More recent expansions brought Catalyst to South and Central America where they partner with MAREA Consulting to work with women and others in the region. Their Asia Pacific presence is headquartered in Australia where they partner with regional organizations to fulfill their mission.

=== Catalyst, Inc. Archive ===
In 2022, the Catalyst archive opened to the public at Hagley Museum and Library in Wilmington, DE. The archive is made up of two collections: the organizational records and the audiovisual materials produced by Catalyst.

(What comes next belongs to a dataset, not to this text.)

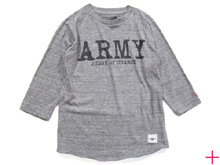 ■3種類の糸を使用する事でヴィンテージ感を表現したラグランスリーブの七分袖Teeになります。胸にはCLOSENESS的解釈の[ARMY]ロゴをプリント。左袖にはクロスが刺繍されます。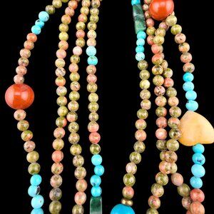 Multi-Strand Beaded Necklace With Heart Accents Easter Spring Boho

Over 60 years of history are documented in the archive, covering topics such as their seminars and conferences, early initiatives, the Catalyst Awards, and decades of gender-based research.

The collection also includes a small amount of objects, largely awards and promotional material.

==Major Initiatives==

=== Catalyst CEO Champions For Change ===
Launched on International Women's Day in 2017, the Catalyst CEO Champions For Change initiative showcases commitments by CEOs to advance all women, including women of color, into leadership positions in their companies and on their boards. Catalyst asks participants to publicly declare their support, take a pledge of organizational and personal commitments, and report their company's progress each year against established diversity metrics. The first report on the participating companies' progress was released in November 2017.

=== Catalyst Awards ===
Originally begun in 1976 to celebrate individual women board members, the Catalyst Award shifted to recognizing individual organizations in 1987. Since then, the award has recognized corporations and the specific programs they have created to recruit, develop, and advance women. Company initiatives are evaluated on seven criteria: strategy and rationale, senior leadership activities, accountability and transparency, communication, employee engagement, innovation, and measurable results. Catalyst has recognized 94 initiatives at 85 organizations from around the world since 1987.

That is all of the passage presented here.